━━ Material provided
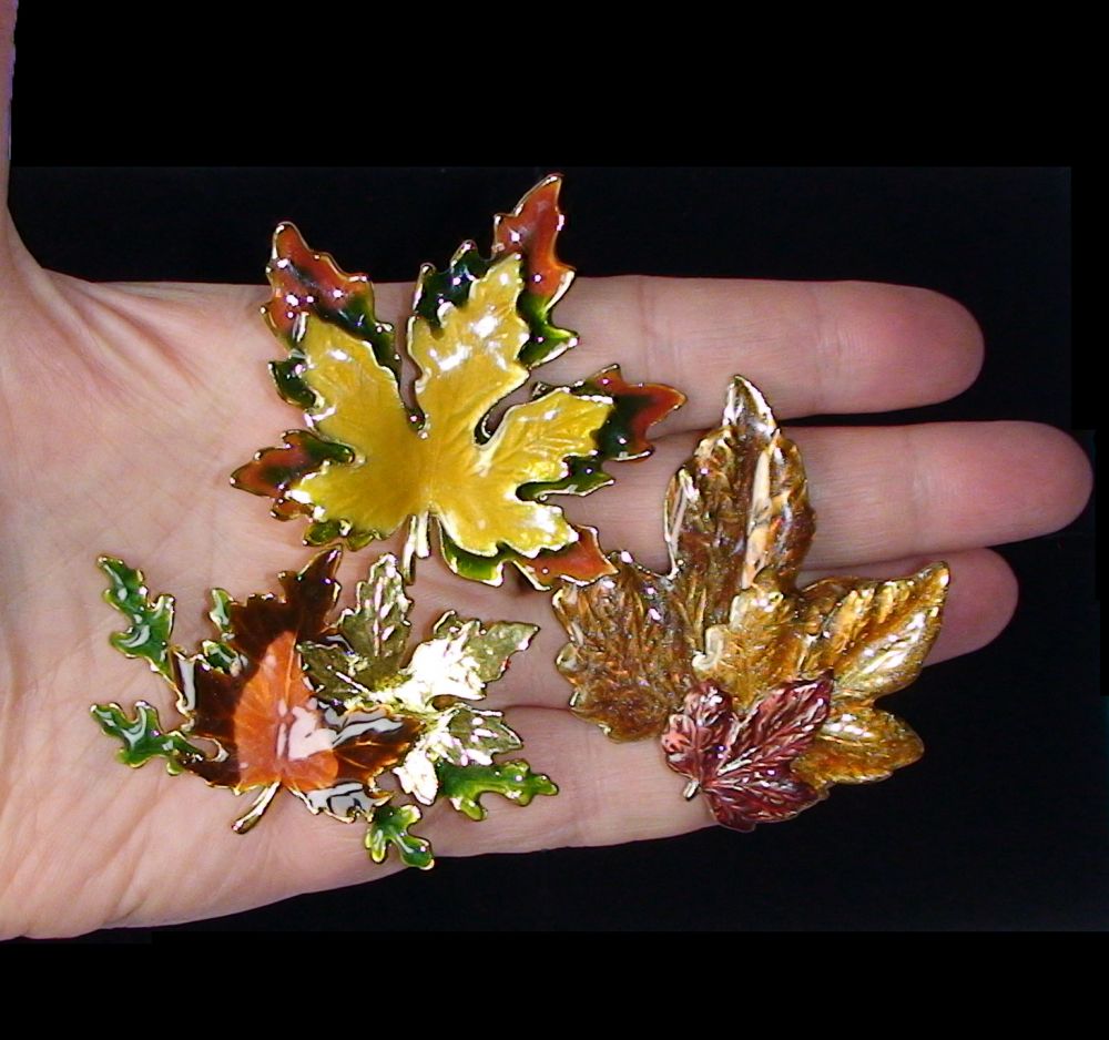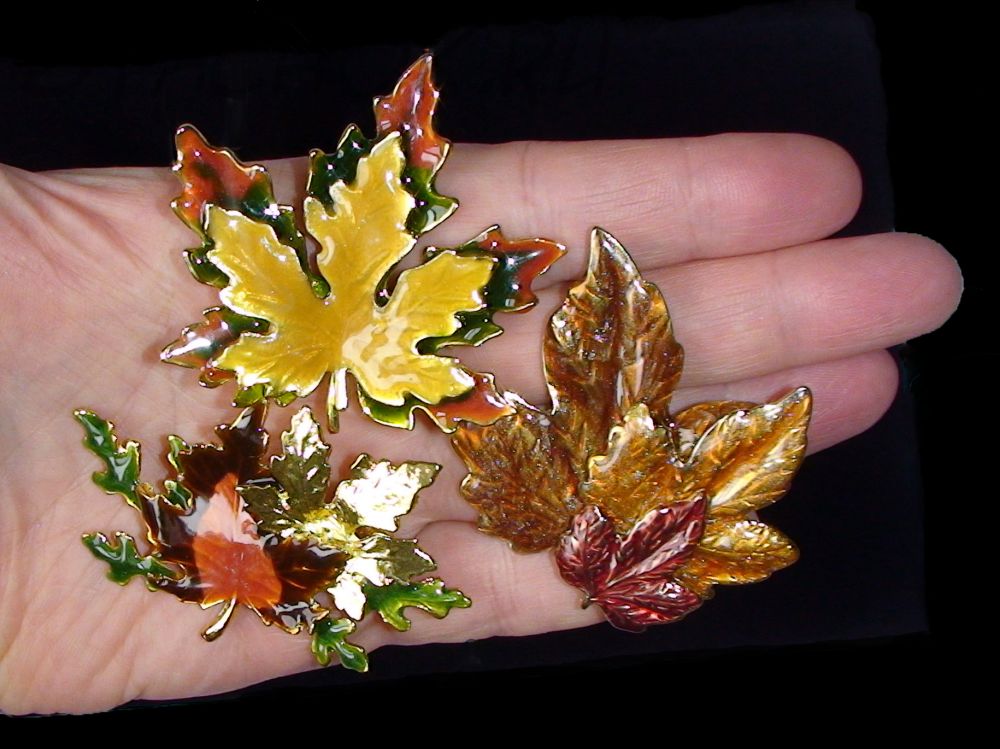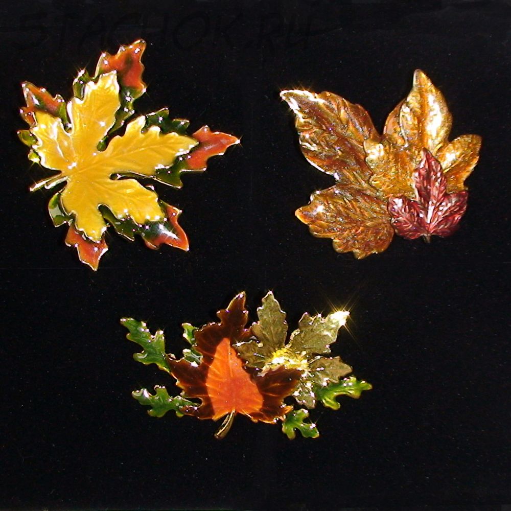 Три броши "Осенние листья" под золото/эмаль
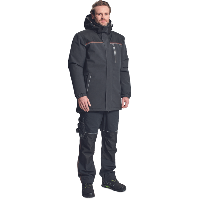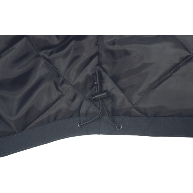 Extended back part, reinforced shoulders. Chest pocket with zipper in contrast hi-vis colour, 2 side pockets, 2 closable inside pockets. Input for embroidery or print, adjustable bottom by draw string, saddle and pockets lined with reflective piping, decorative stitching in contrast hi-vis colour.
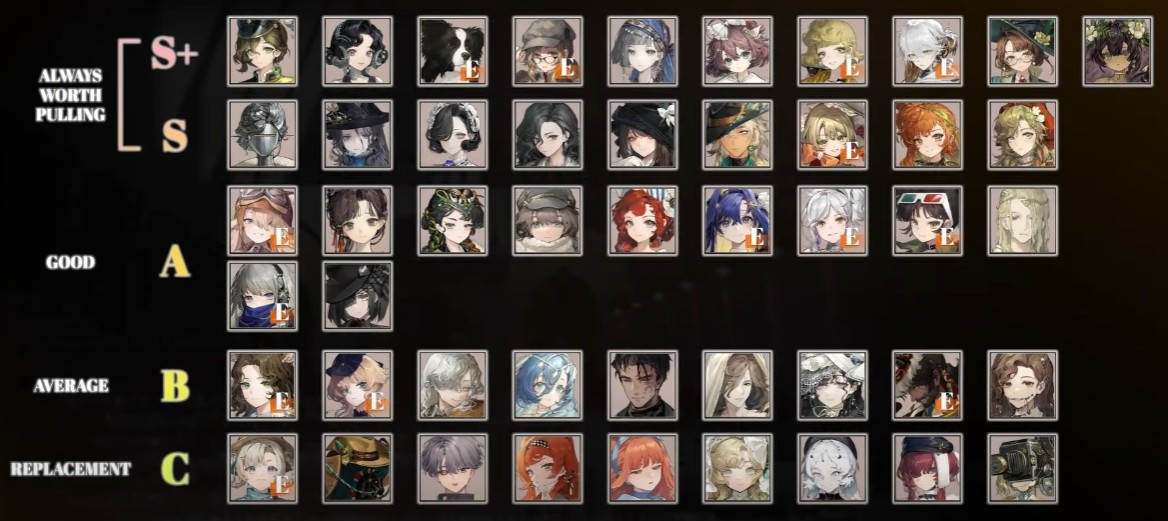 리버스:1999는 버전(1~2개월)별로 캐릭터들의 티어가 달라지는 게임입니다. 아래의 표는 현재 진행 중인 버전의 최신 티어표입니다. 가장 상단에 위치한 캐릭터들은 뽑아주시는 게 좋고 나머지는 자신의 상황에 맞게 챙겨가시면 되겠습니다.
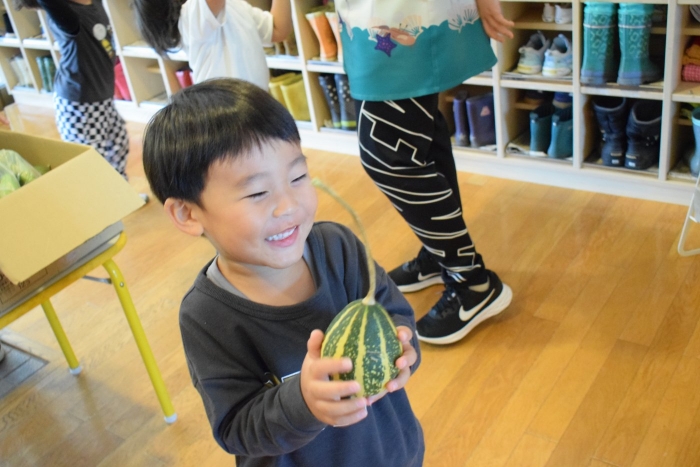 A先生が育てたおもちゃカボチャをたくさんいただきました。可愛い形にみんな大喜び!食べられないけど顔を描いてみようか!とさっそく思い思いの顔をカボチャに描いてみました。なかなか面白いものができましたよ。靴箱の上に飾っているのでぜひご覧ください。
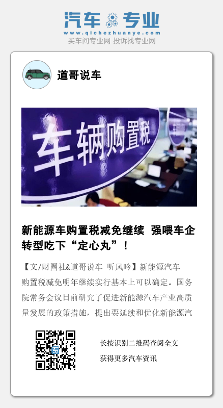 【文/财圈社&道哥说车 听风吟】新能源汽车购置税减免明年继续实行基本上可以确定。
━━━━
**What this task involves:** Could you copy each line above exactly as written, minus any pictures?

**Answer box:**
 Три броши "Осенние листья" под золото/эмаль
 Extended back part, reinforced shoulders. Chest pocket with zipper in contrast hi-vis colour, 2 side pockets, 2 closable inside pockets. Input for embroidery or print, adjustable bottom by draw string, saddle and pockets lined with reflective piping, decorative stitching in contrast hi-vis colour.
 리버스:1999는 버전(1~2개월)별로 캐릭터들의 티어가 달라지는 게임입니다. 아래의 표는 현재 진행 중인 버전의 최신 티어표입니다. 가장 상단에 위치한 캐릭터들은 뽑아주시는 게 좋고 나머지는 자신의 상황에 맞게 챙겨가시면 되겠습니다.
 A先生が育てたおもちゃカボチャをたくさんいただきました。可愛い形にみんな大喜び!食べられないけど顔を描いてみようか!とさっそく思い思いの顔をカボチャに描いてみました。なかなか面白いものができましたよ。靴箱の上に飾っているのでぜひご覧ください。
 【文/财圈社&道哥说车 听风吟】新能源汽车购置税减免明年继续实行基本上可以确定。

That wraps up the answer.